I'm just trying to simply get a transcript from an audio file using python SpeechRecognition. It seems like no matter what pause_threshold I set, or duration or whatever, it always gives me the same exact output, approximately 30 seconds out of 80 seconds audio, and then it cuts off.

import speech_recognition as sr

import moviepy.editor as mp

clip = mp.VideoFileClip(r"recording2.webm")

clip.audio.write_audiofile(r"converted.wav")

r = sr.Recognizer()

r.pause_threshold = 10

# r.energy_threshold = 4000

audio = sr.AudioFile("converted.wav")

with audio as source:
   audio_file = r.record(source, duration=90)

result = r.recognize_azure(audio_file, key=AZUREKEY, language="en-US", show_all=False, location="westeurope")

print(result)

No matter how I set up, still has the same result.

  • I'm not sure but it can be restricted by Google servers which convert it. For longer audio it may need to register in Google API and use special methods to send longer audio. – furas Nov 09 '21 at 22:59
  • Google Doc: [Transcribe long audio files](https://cloud.google.com/speech-to-text/docs/async-recognize) – furas Nov 09 '21 at 23:02
  • I'm using Azure Speech Service.
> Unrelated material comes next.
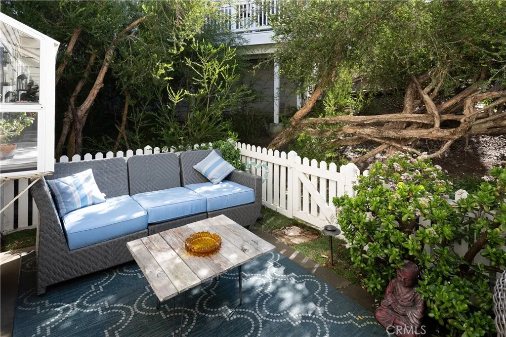 Your Coastal Retreat Awaits in Dana Point! Indulge in the ultimate getaway at this stunning Cape Cod-style end-unit townhome, just minutes from Dana Point Harbor. Fully furnished and designed for comfort and luxury, this 2-bedroom, 2.5-bath retreat offers a perfect blend of elegance and relaxation.Step inside to soaring high ceilings, abundant natural light, and a cozy fireplace in the inviting living room. Charming windows frame picturesque views of lush greenery, creating a serene and private atmosphere. Sliding doors lead to a tranquil deck, ideal for unwinding with a glass of wine while savoring the gentle ocean breezes.Throughout the home, luxury vinyl plank flooring adds warmth and effortless style. The remodeled chefs kitchen is a culinary dream, featuring gorgeous quartz countertops, a designer backsplash, recessed lighting, premium Bosch stainless steel appliances, and a spacious pantry. Just outside, the private back patio is perfect for alfresco dining, barbecuing with on-demand gas, or simply curling up with your favorite book. A combined pantry and laundry area off the kitchen ensures convenience throughout your stay. Upstairs, a beautiful skylight illuminates the staircase leading to two luxurious ensuite bedrooms. The primary suite is a sanctuary of its own, complete with a king-sized bed, romantic fireplace, walk-in closet, and breathtaking mountain and treetop views. The spa-like primary bath boasts a large walk-in shower and sleek quartz countertops. The second ensuite bedroom offers its own private bath with elegant finishes. This home is also equipped wi

But it could be also restricted on their servers as well as Google's, I guess. – eeveepotato Nov 10 '21 at 08:03

1 Answers1

0

I'm not exactly sure if this is the correct way, but it's currently a sufficient way to deal with the issue. I split the audio into chunks of 30 seconds and build up the whole transcript.

with audio as source:
    r.adjust_for_ambient_noise(source)
    for chunk in range(no_of_chunks):
        audio_data = r.record(source, duration=30)
        transcript = r.recognize_azure(audio_data, key=AZURE_KEY, language="en-US", show_all=False,
                                       location="westeurope")
        result += transcript + " "